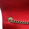 Grab this Gucci crossbody with red pebbled calfskin leather featuring Gucci’s signature Interlocking GG logo on the flap.  Perfect for both day and night outs!
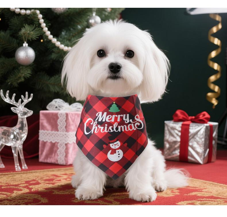 Babero Navideño para Mascotas Transfronterizo Gato Perro Pequeño Decoración Linda Teddy Pomerania Bufanda Triangular
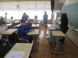 5組は英語。単元テストが返却され。答え合わせと解説が行われました。

§ **ABOUT THIS TASK**: Give back the data verbatim. The pictures are not part of the copy.

§ **RESULT FOR THIS EXERCISE**:
 Grab this Gucci crossbody with red pebbled calfskin leather featuring Gucci’s signature Interlocking GG logo on the flap.  Perfect for both day and night outs!
 Babero Navideño para Mascotas Transfronterizo Gato Perro Pequeño Decoración Linda Teddy Pomerania Bufanda Triangular
 5組は英語。単元テストが返却され。答え合わせと解説が行われました。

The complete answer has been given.